# [GIVEN INFORMATION]
---*---

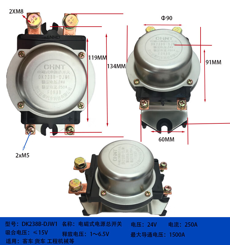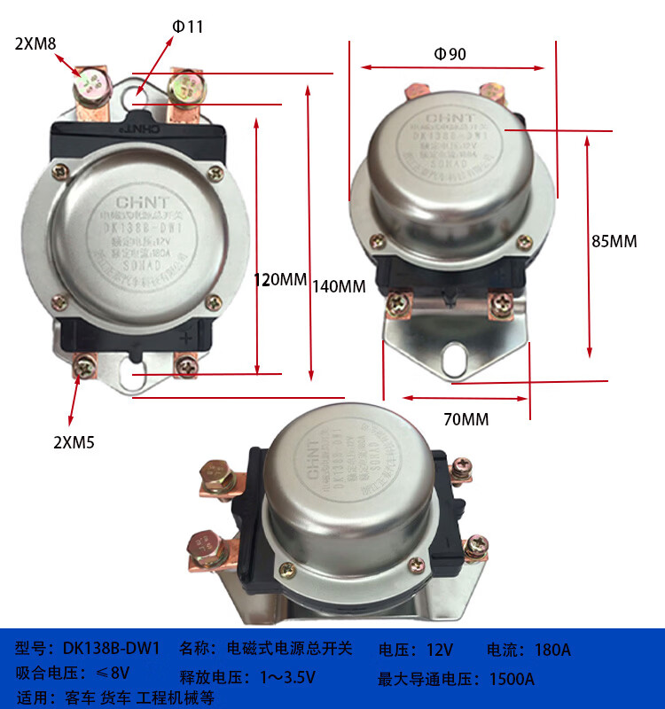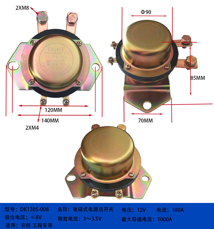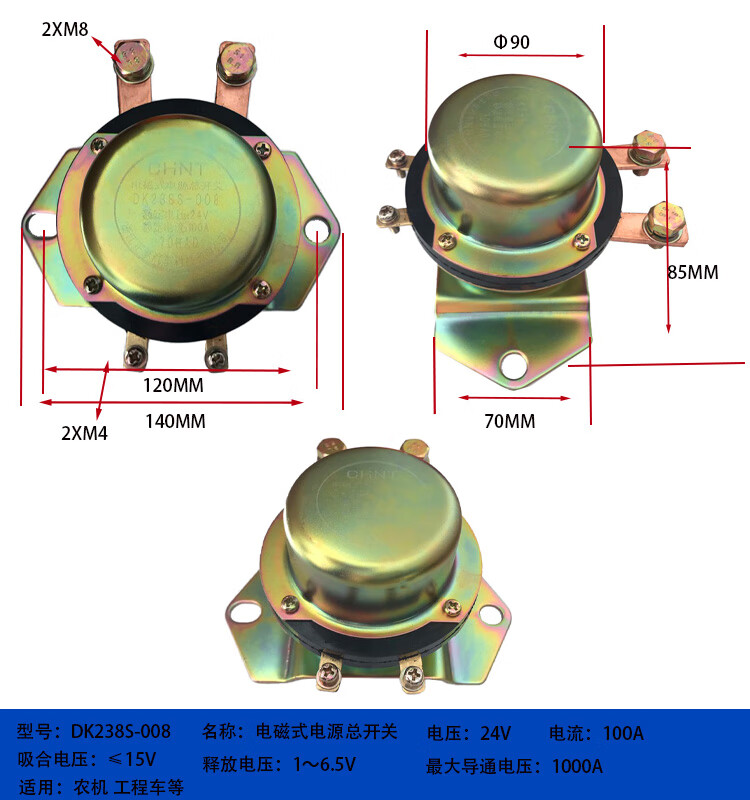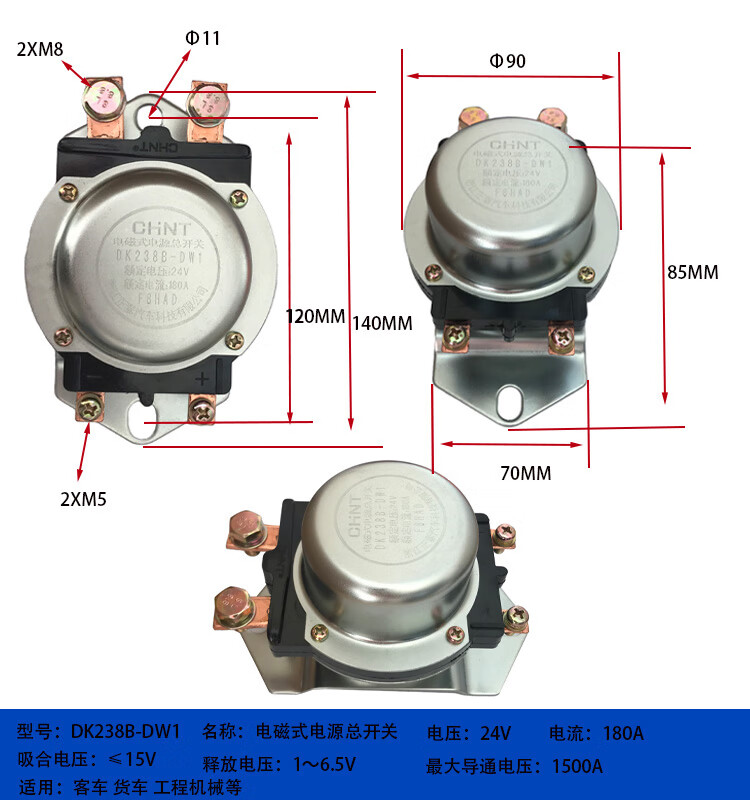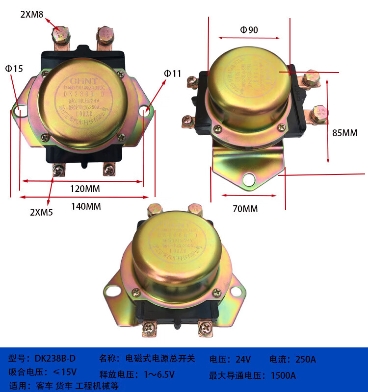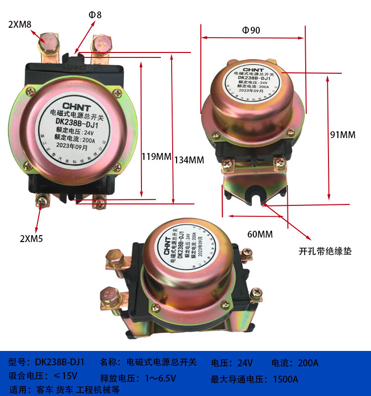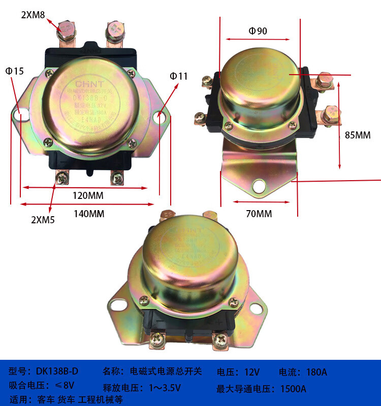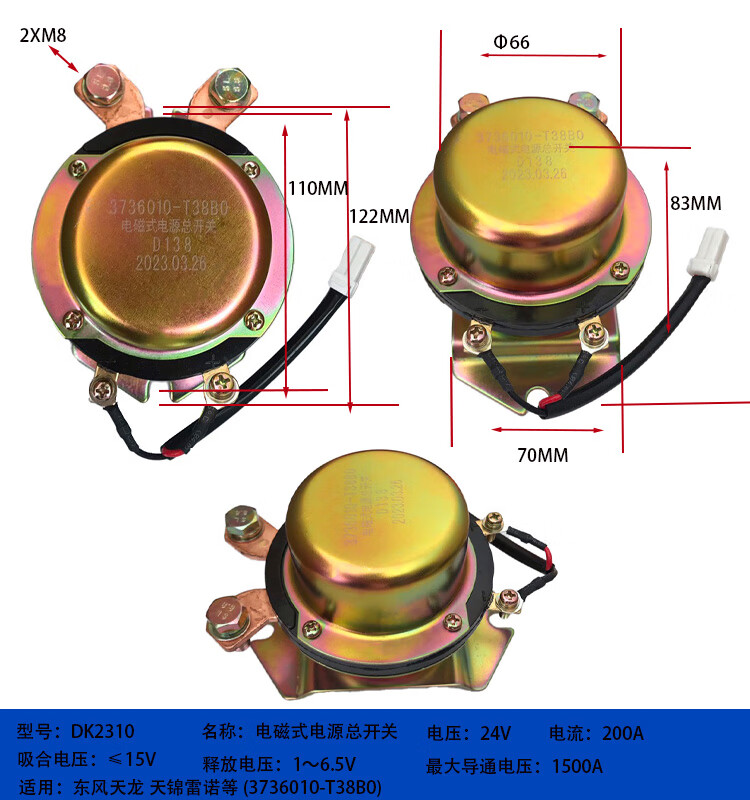 Automobile electromagnetic power main switch DK238DK138B24V 12V battery anti-leakage main switch DK138B-DJ1_200A_12V_silver contact
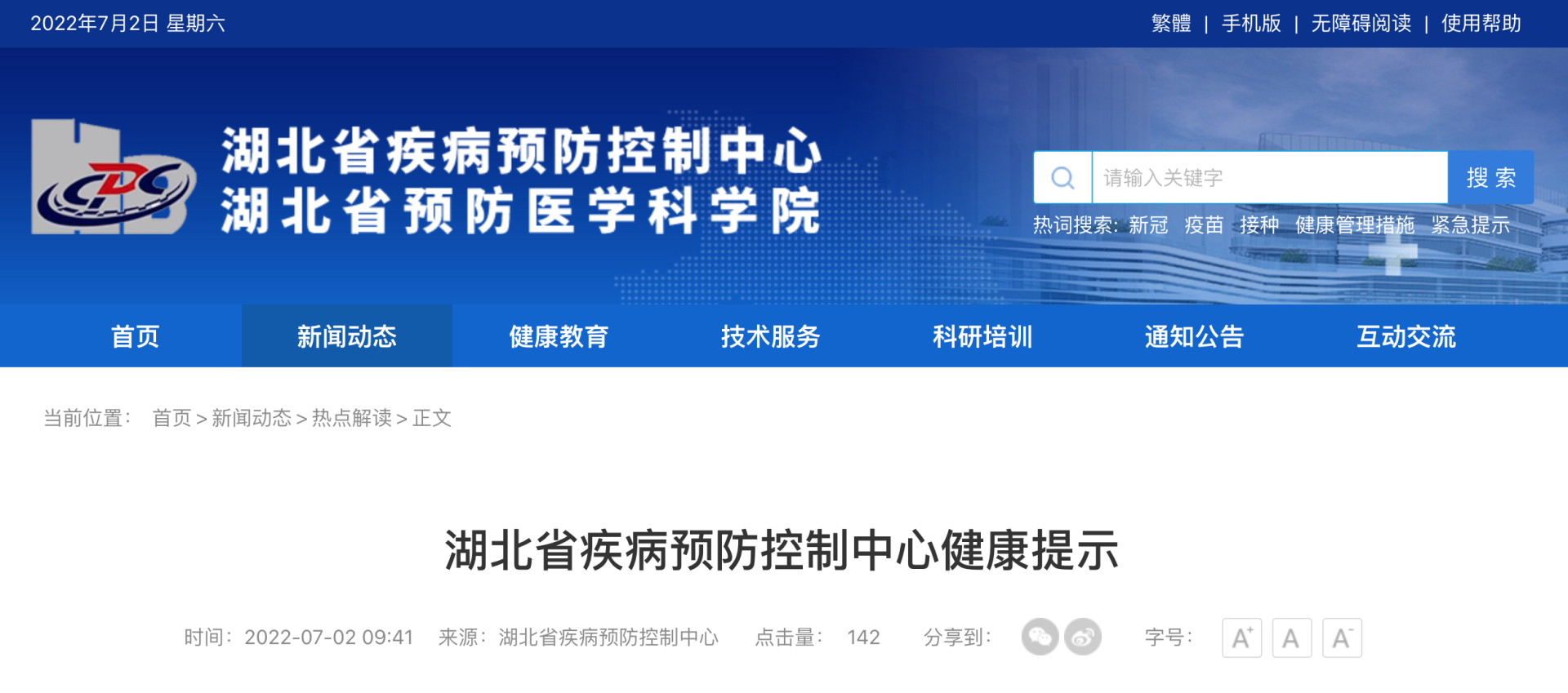 为全面贯彻“外防输入、内防反弹”总策略和“动态清零”总方针,湖北省疾病预防控制中心就我省防控措施健康提示如下:
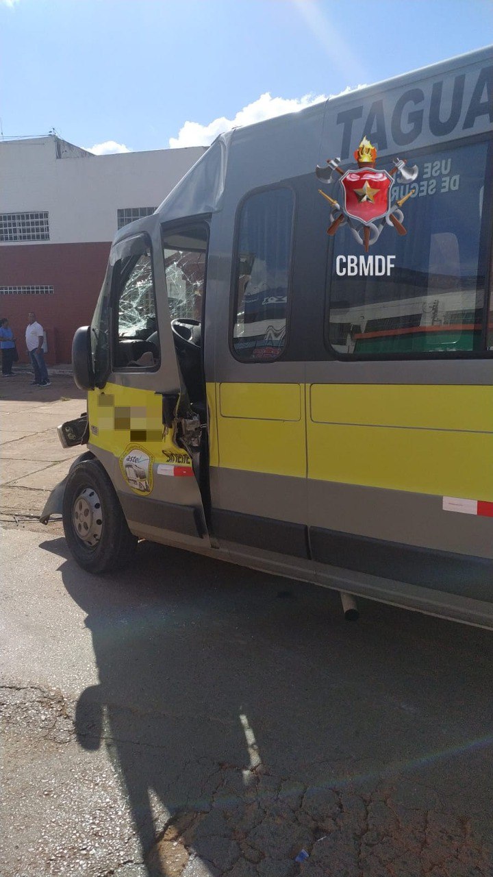 Na van escolar, além do condutor, havia mais quatro adolescentes entre 12/13 anos de idade. O motorista e o adolescente, E. C. S., 13 anos, ficaram presos nos assentos dianteiros do automóvel e foi preciso usar as ferramentas de desencarceramento para retirá-los do interior da van. O adolescente estava consciente, orientado e estável, mas reclamava de dores no quadril. Após regulação médica, foi encaminhado para o Hospital Santa Marta. O motorista estava, consciente, orientado e estável, sem necessidade de transporte para unidade hospitalar.

---*---

# [DIRECTIONS]
Exclude the images and reproduce the remaining data exactly.

# [THE ANSWER]
 Automobile electromagnetic power main switch DK238DK138B24V 12V battery anti-leakage main switch DK138B-DJ1_200A_12V_silver contact
 为全面贯彻“外防输入、内防反弹”总策略和“动态清零”总方针,湖北省疾病预防控制中心就我省防控措施健康提示如下:
 Na van escolar, além do condutor, havia mais quatro adolescentes entre 12/13 anos de idade. O motorista e o adolescente, E. C. S., 13 anos, ficaram presos nos assentos dianteiros do automóvel e foi preciso usar as ferramentas de desencarceramento para retirá-los do interior da van. O adolescente estava consciente, orientado e estável, mas reclamava de dores no quadril. Após regulação médica, foi encaminhado para o Hospital Santa Marta. O motorista estava, consciente, orientado e estável, sem necessidade de transporte para unidade hospitalar.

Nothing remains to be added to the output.